HOBOKEN — At a press conference on the Hoboken waterfront on Tuesday afternoon, Jim Southworth, the investigator in charge of probing Thursday’s deadly train accident in Hoboken, said the National Transportation Safety Board was able to retrieve an event recorder, video, and the engineer’s personal effects (including a cell phone) from the train this morning around 10:30 a.m.
The evidence from the crash was immediately shipped to Washington, D.C. for further investigation. They were received in D.C. at 3 p.m.
The engineer had said that he had locked his cell phone away in the train before his morning run.
So far, officials have not been able to say what caused the crash, which killed Hoboken mom Fabiola de Kroon and injured more than 100 people Thursday morning.
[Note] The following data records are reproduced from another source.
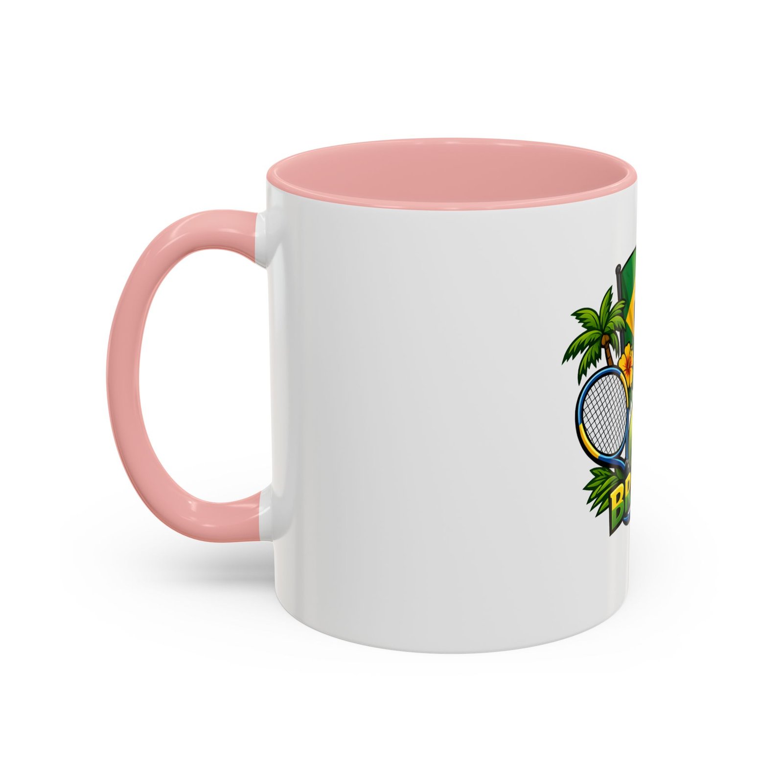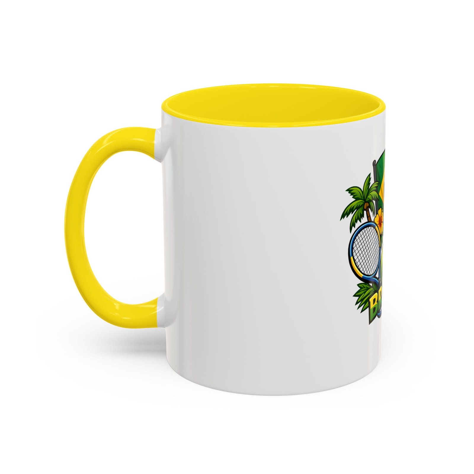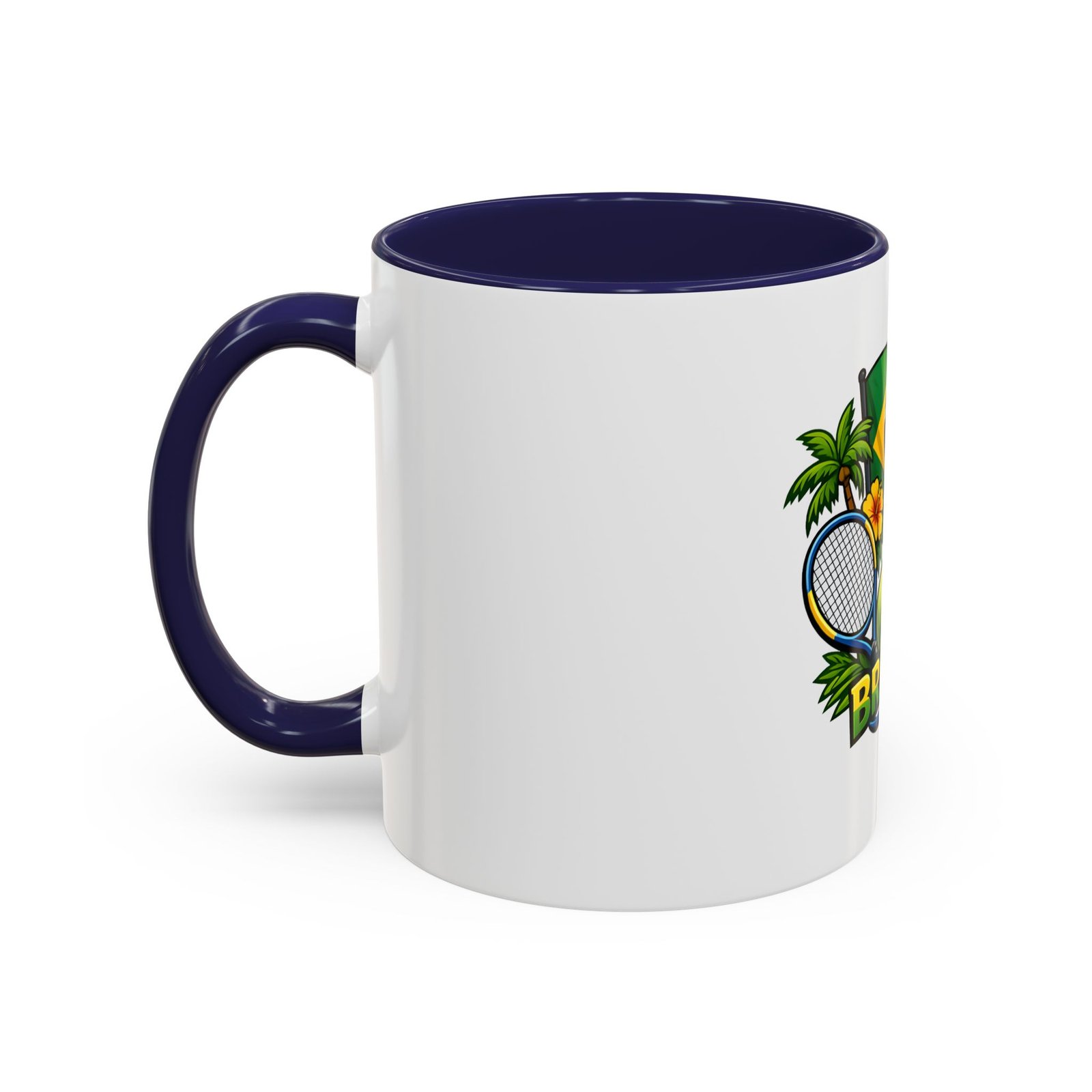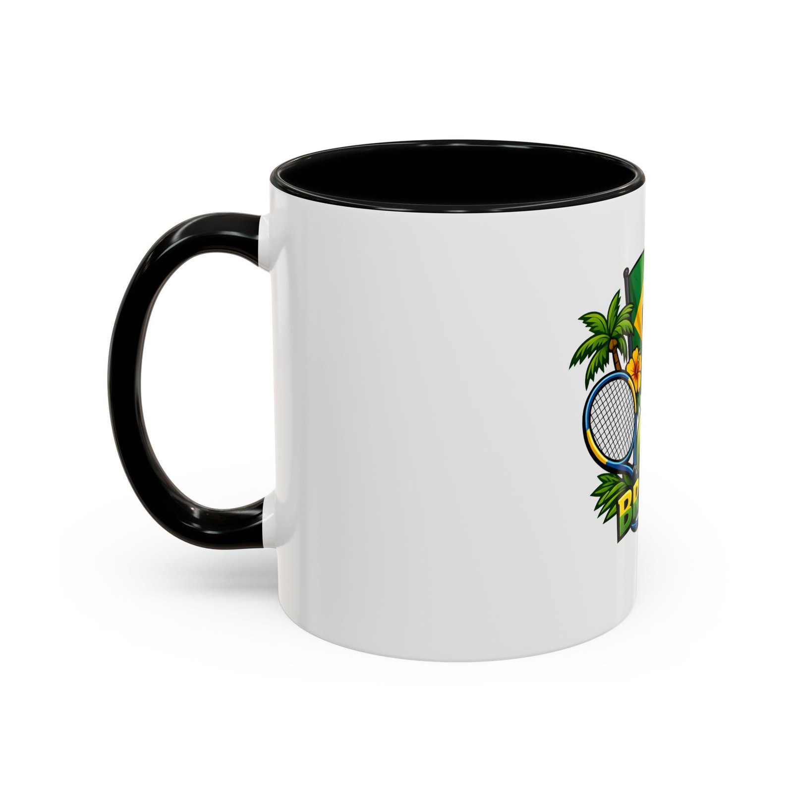 Morning light, strong coffee, and the hum of anticipation — this ceramic mug brings a little Brazil to your daily ritual. Color-rich printing showcases the Brazilian flag, a tennis racket and ball, tropical palms, hibiscus, and the silhouette of Christ the Redeemer, all framed by vivid contrast between the white exterior and the colored interior and handle. It feels lively in your hands and lively on the table, whether you’re sipping before a match, celebrating a win, or reminiscing about sunlit courts and coastal breezes. The glossy finish and bold colors keep the design bright through regular use, and the comfortable C-shaped handle fits naturally whether you reach for an espresso shot or a long, leisurely pour-over.
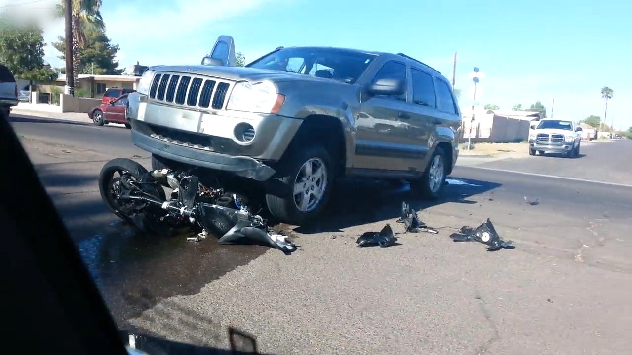 Diesen Motorradfahrer hat es schlimm erwischt. Ein SUV hat ihn gerammt.
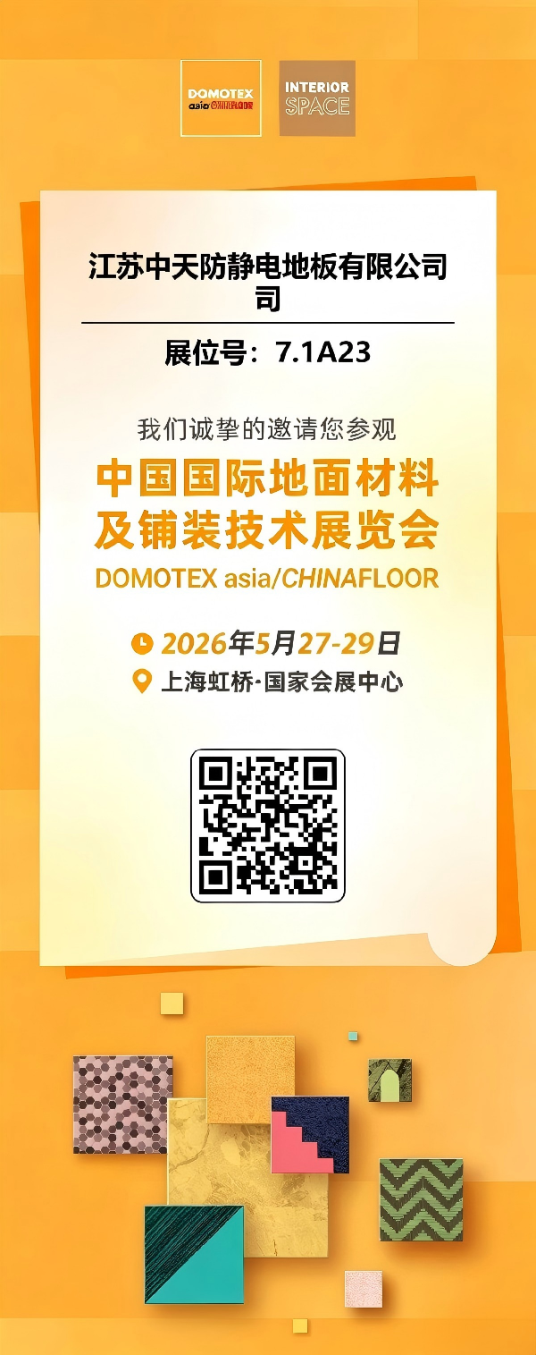 江苏中天防静电地板有限公司诚挚地邀请您参观我们即将参加的DOMOTEX asia/CHINAFLOOR展览会。
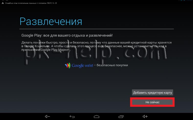Если вы планируете покупать приложения в Google Play, вы можете добавить в свой аккаунт кредитную карту, что бы ею расплачиваться. В данном примере я не буду этого делать. Добавить данные кредитной карты можно в любой момент как только это понадобиться. Нажимаю "Не сейчас".
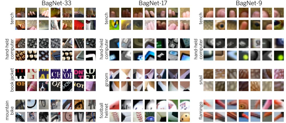 BagNets的一大特色是他们透明的决策。例如,我们现在可以查看哪个图像特征对于给定的类最具预测性(见下文)。例如,通常用绿色背景上的手指识别丁字裤(非常大的鱼)。为什么?因为这个类别中的大多数图像都有一个渔民像奖杯那样举起了一张十字架。每当BagNet错误地将图像分类为tench时,通常是因为图像中某处的绿色背景上有一些手指。
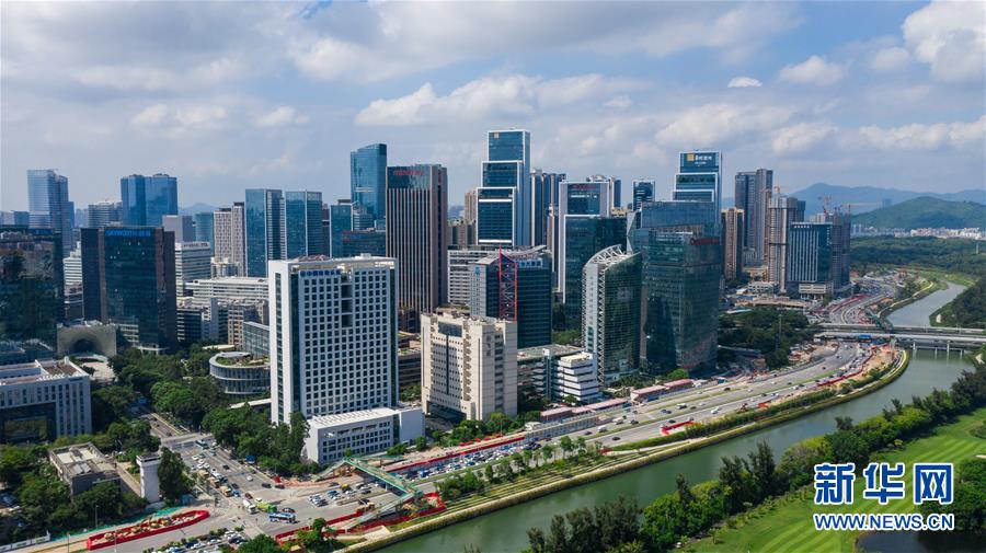 深圳市南山區(qū)大沙河畔的科技園(2020年9月27日攝,無人機照片)。新華社記者 毛思倩 攝
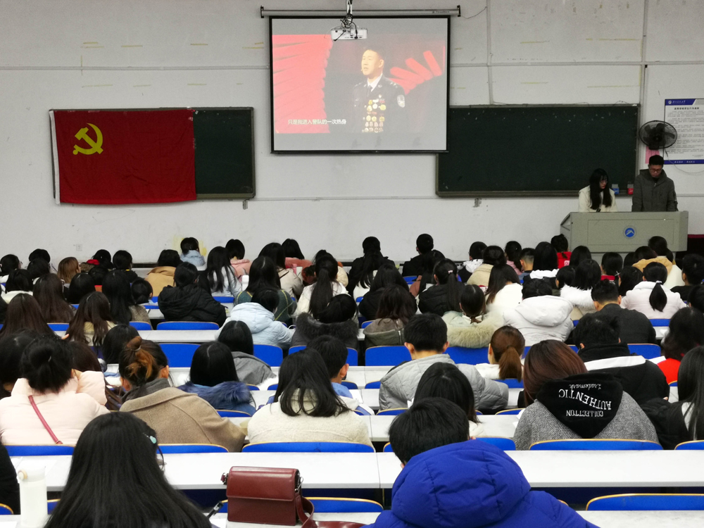 会议开始,全体党员观看学习了十九届四中全会精神的视频,在座党员对十九届四中全会精神有了基本了解,也充分感受到了改革所带来的幸福感、获得感、安全感。紧接着,全体党员学习主题教育先进典型事迹,保家卫国的特警孙建国和无私奉献的老教师龚全珍让在新时代长征路上的学生党员们更加振奋,他们的精神对在座的党员进行了一次思想洗礼。
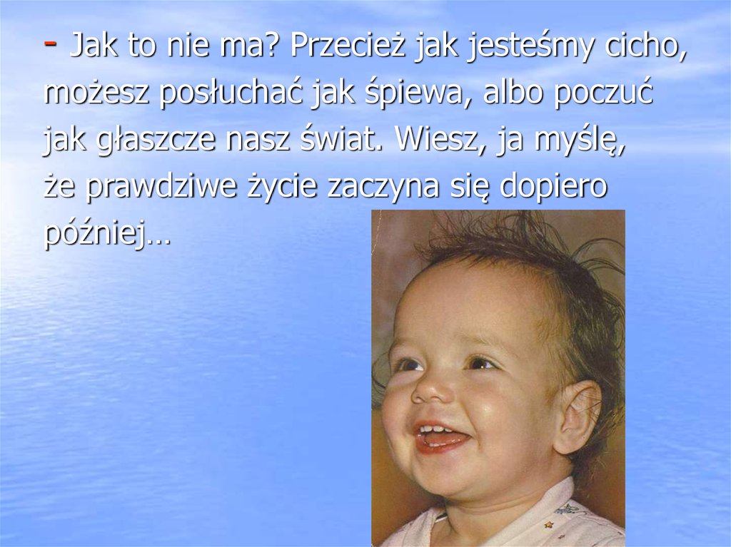 - Jak to nie ma? Przecież jak jesteśmy cicho,możesz posłuchać jak śpiewa, albo poczuć
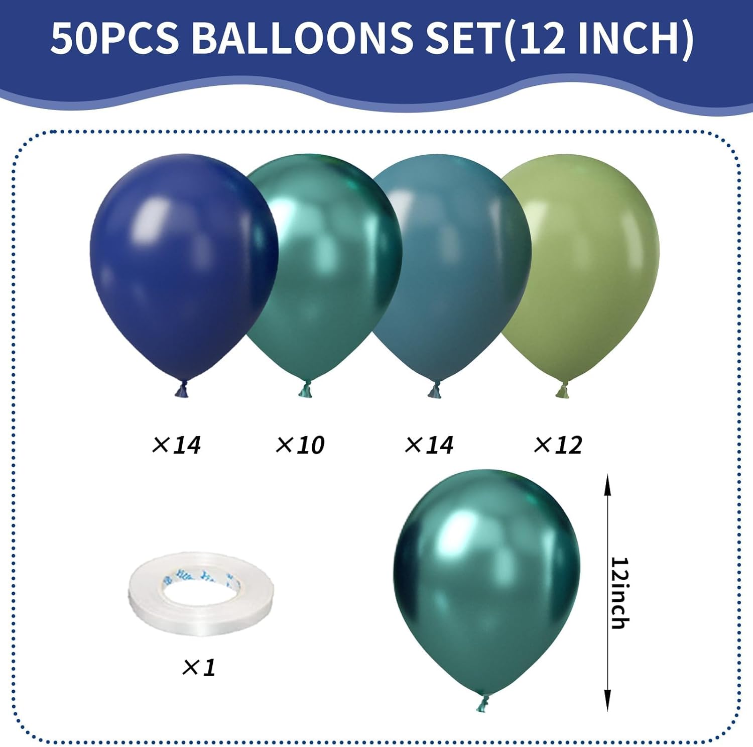 - Blue And Green Balloons: Package comes with 12 inch dark green balloons(12 pcs), navy blue balloons (14 pcs),light blue balloons(14 pcs),green metallic balloons (10 pcs),white balloon ribbon (2 rolls). Whether you're celebrating a birthday, party, or any special event, these balloons will add a festive and joyful touch.
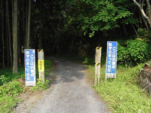 登山道入口に到着。「ここは交差点」という謎の標識が立つ。
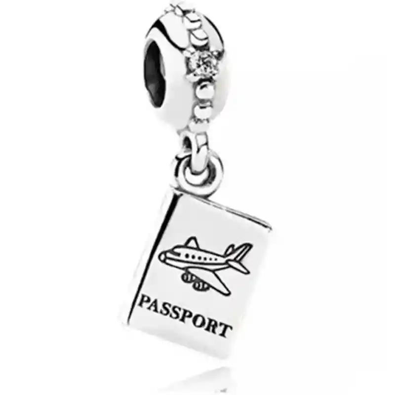 Charm Pasaporte Hermoso charm colgante con forma de Pasaporte, fabricado en plata 925 de primera ley y cristales, 100% compatible con pulseras de charm.
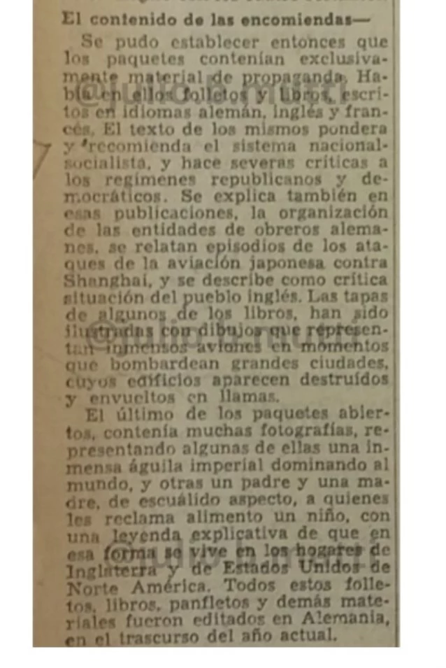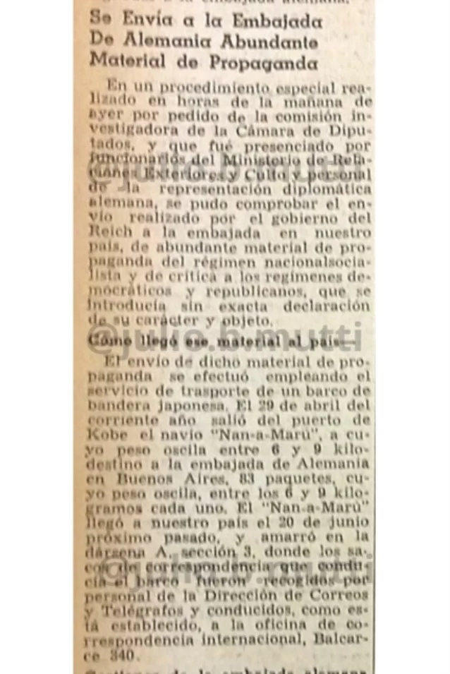 Como dije, todo sucedió casi al mismo tiempo, y el material de propaganda nazi que llegó en el vapor japonés, que probablemente también está dentro de lo hallado en la Corte, fue una causa de menor importancia en comparación con los allanamientos y el transmisor de alta potencia.
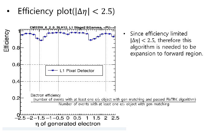 • efficiency plot(under 2. 8) • Further plots were obtained including area between the Eta region 2. 5 to 2. 8. • Added plot shows around 0. 8 efficiency
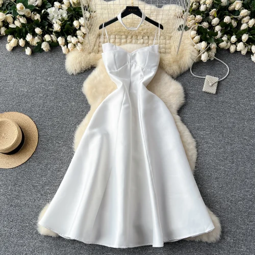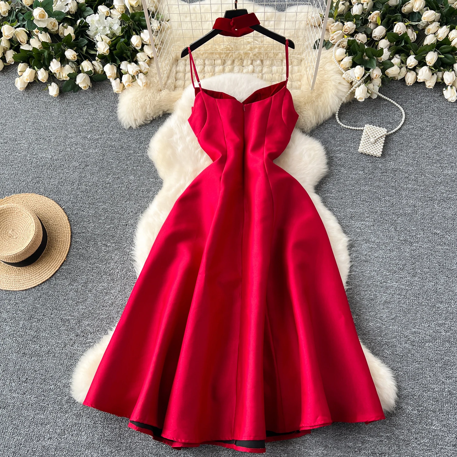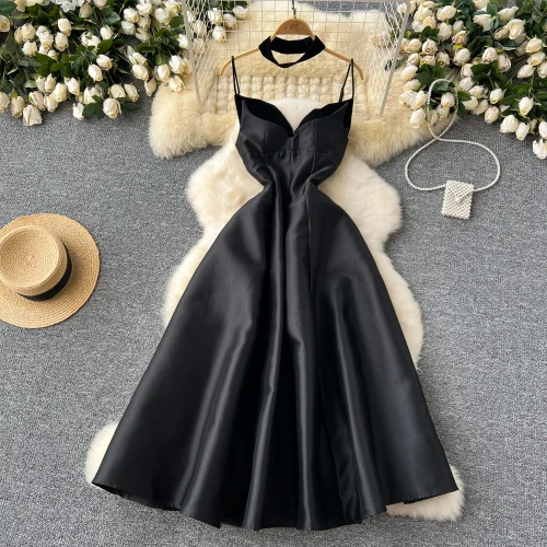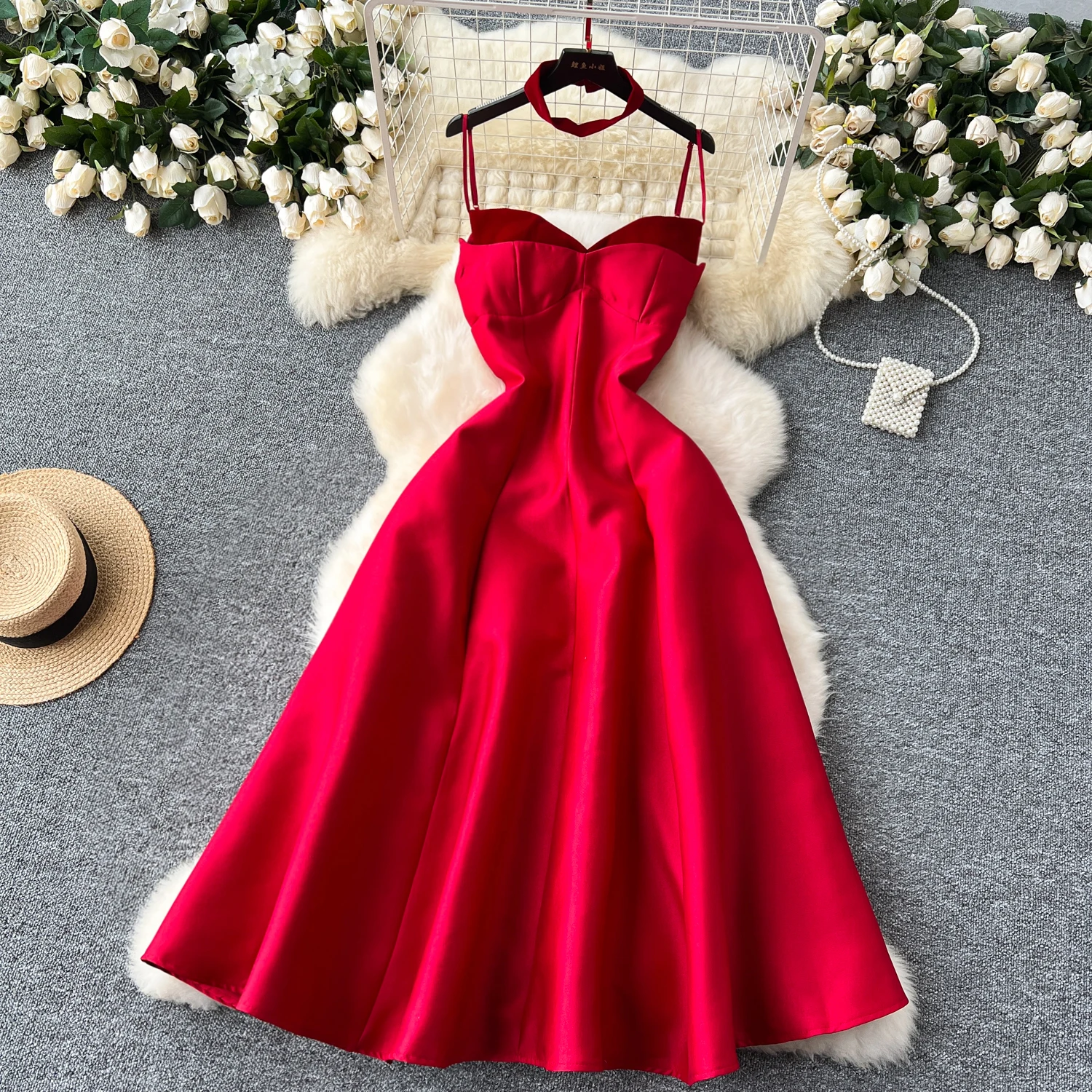 ZT1472 French Womens Dresses Luxury Socialite V-neck Halter A-line Pompon Dress Senior Sense Maxi Dress Evening Gown
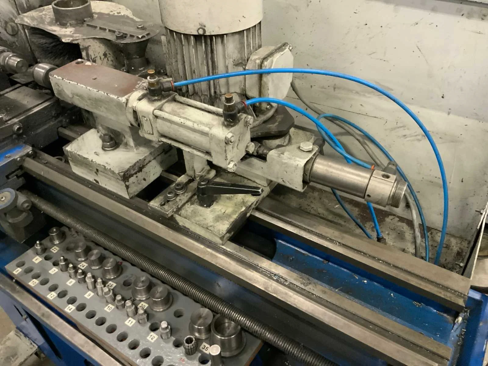 Voorzien van pneumatische gevoede staalborstel inrichting en tegencenter, op verrijdbaar onderstel. inclusief toebehoren Bouwjaar: 2002 Serienummer: 0260725 Draailengte: 500mm Draai: 260mm Holle spil Ø: 28mm Aantal snelheden: 6 Snelheid van n =: 125rpm Snelheid tot n =: 2000rpm Aansluiting: 380V Afmeting l: 1460mm Afmeting b: 820mm Afmeting h: 3270mm
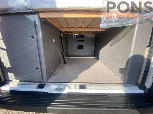 Nella parte posteriore è collocato il letto matrimoniale sotto al quale è possibile stivare bagagli o attrezzature varie, mentre ai suoi piedi troviamo il vano bagno composto da toilette e doccia.

Meanwhile, on Tuesday afternoon, an official spoke to the Associated Press on the condition of anonymity and told them, according to an article, that investigators estimate the train was “traveling two to three times the 10 mph speed limit when it slammed into a New Jersey rail terminal last week” and that “the estimate is based on the extent of damage, not on data from the train’s instruments.”
The driver had said the train was going 10 miles per hour, but that he couldn’t remember the crash. Witnesses have said the train did not slow down enough before entering the terminal.
Workers were trying to fix the damage last week (pictured: the accident site, after the crash).